Menschen rennen in Geschäfte, folgen goldenem Glimmern und Glitzern in ihren Köpfen. Wozu. Ich schreite langsam durch den stetig vor sich hin rieselnden Schnee. Bei Minusgraden, die zu beharren scheinen. Dann schimmert es, blitzelt in meinen Augen. Feine, lange Kristalle, die sich mir entgegenwölben, die frisch durchgebrochene Sonne einfangen, zurückstrahlen lassen. Doppelbelichtung durch das vermisste Gestirn, den Hort des Lichts, des Lebens.
Ihr wärmendes Feuer dringt durch die kalte Luft . Es wird die kleinen Gebilde, die sich in alle Richtungen strecken, langsam in sich zusammenfallen lassen. Genauso wie der Winter, der über eine ungewöhnlich langen Zeit die Welt zudeckte, dahinschmelzen wird. Doch jetzt zählt dieser eine, kühlfreudige Moment, diese Augenweide, weitab jeder Ablenkung.

Begeisterung

Auf dem Plattenteller spielt „Perfect Coffee“ von Kae Tempest. Sanft schwebt der zuckerberieselte Milchschaum in meinem Becher, toppt den Kaffe. Ja, perfekt.
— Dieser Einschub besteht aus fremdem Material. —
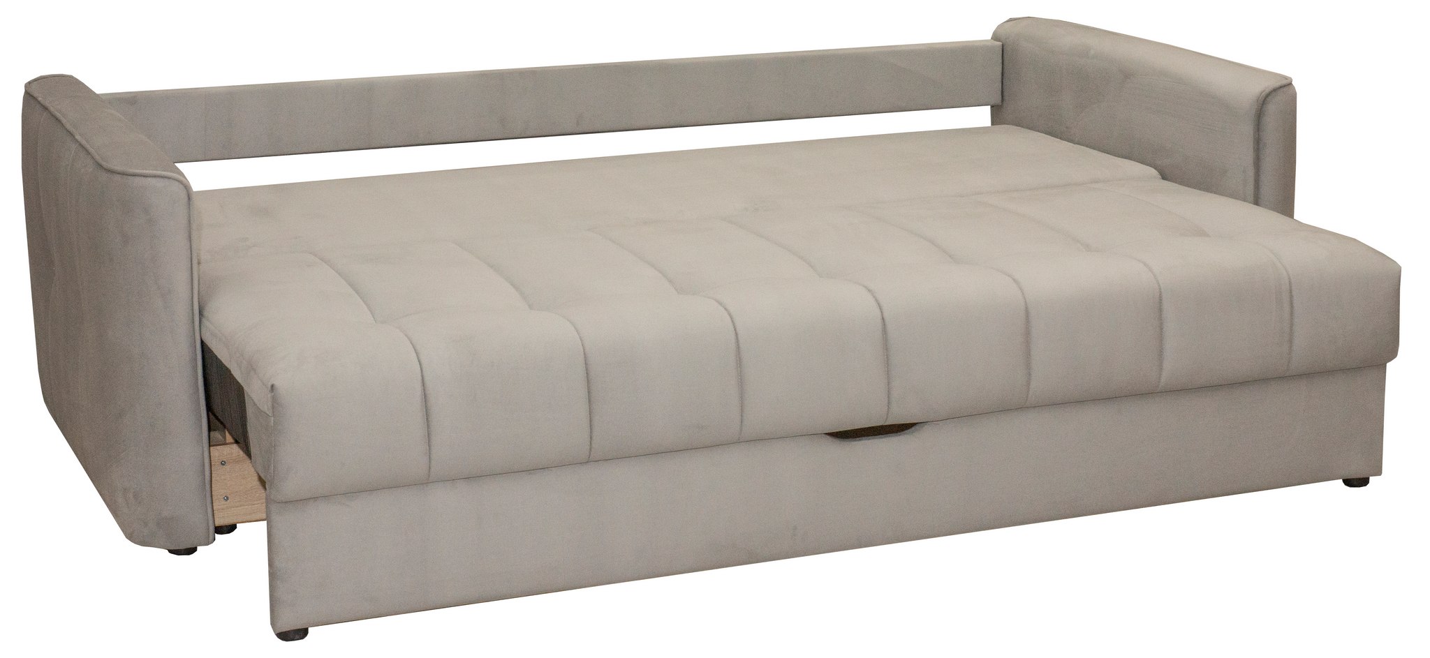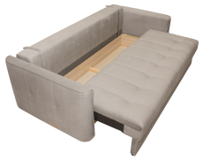 Радиусные углы «сглаживают» изделие. Спальное место легко трансформируется в большую удобную кровать – механизм трансформации «Тик-Так» удобный и лёгкий в эксплуатации. Сиденье создано по технологии «Split Foam». Наполнитель изготовлен из рассечённой анатомической пены, соединённой в несколько слоёв. Сиденье средней жёсткости. Ортопедическое основание «Birch battens» - средней гибкости, на основе берёзовых лат. Идеально подходит для анатомических моделей.

Ein warmes Gefühl umschließt das Herz, welches sich nach der dynamisch-freudigen Bewegung langsam beruhigt. Zur Ruhe kommt, wie mein Kopf.… Ein warmer Schluck, fast heiß. Die Gedanken schweifen …zu den kahlen Bäumen, der harschigen, in die Tage gekommenen dünnen Schneedecke. Es ist kalt draußen. Die Meisen picken den ganzen Tag am bereitgestellten Futter. Selbst eine Amsel sitzt geplustert in der Hecke. Stippvisite des Rotkehlchens. Sie wärmen den Magen. Gegen die garstigen Außentemperaturen. Igelzeit bei -7 Grad. Der Himmel ist Grau, mein Bauch freut sich über die innere Gemütlichkeit.
Was ist der Unterschied zwischen Begeisterung und Zufriedenheit? Beides erfreut und scheint unbeständig, wie der sich verflüchtigende Schnee. Nur, dass die Begeisterung schneller verfließt. Zufriedenheit kann anhalten, langsam gemütlich, wohlfühlend durch den Körper treiben. Stimmung und Emotion, zwei miteinander spielende Zustände. Ewige Begeisterung wirkt auslaugend, fordert immer mehr, Konsum …sie verbraucht sich im Ereignis, im Spektakel, das eräugt und gefeiert wird. Bis es sich in kalter Alltagsluft auflöst. Es trägt nicht, wie dünnes Eis. Zufriedenheit sollte den Urgrund bilden. Sie ist gerne unbemerkt, schwebt unter der Begeisterung. Sie kommt und geht in Wellen, in immer neuen Kombinationen, die ihren Weg nach oben bahnen. Schön, wenn sie in ein ganzkörper-geistliges Gefühl münden. Permanentes Werden. „Perfect Coffe“, von Kate Tempest hat einen melancholischen Unterton. Ein trauriges Bild der Gentrifizierung, die mit ihren Coffe Shops über gewachsene Nachbarschaften herfällt, sie zerstört. Nach wie vor begeistert mich der Song, speziell, als ich den Schluck Kaffe zu mir nehme. Begeisterung, gemischt mit einer gewissen Traurigkeit. Dann macht sich Zufriedenheit breit. Sie will genährt werden, Wenn der Kaffe alle ist, werde ich mich aufs Kissen setzen. Atmen.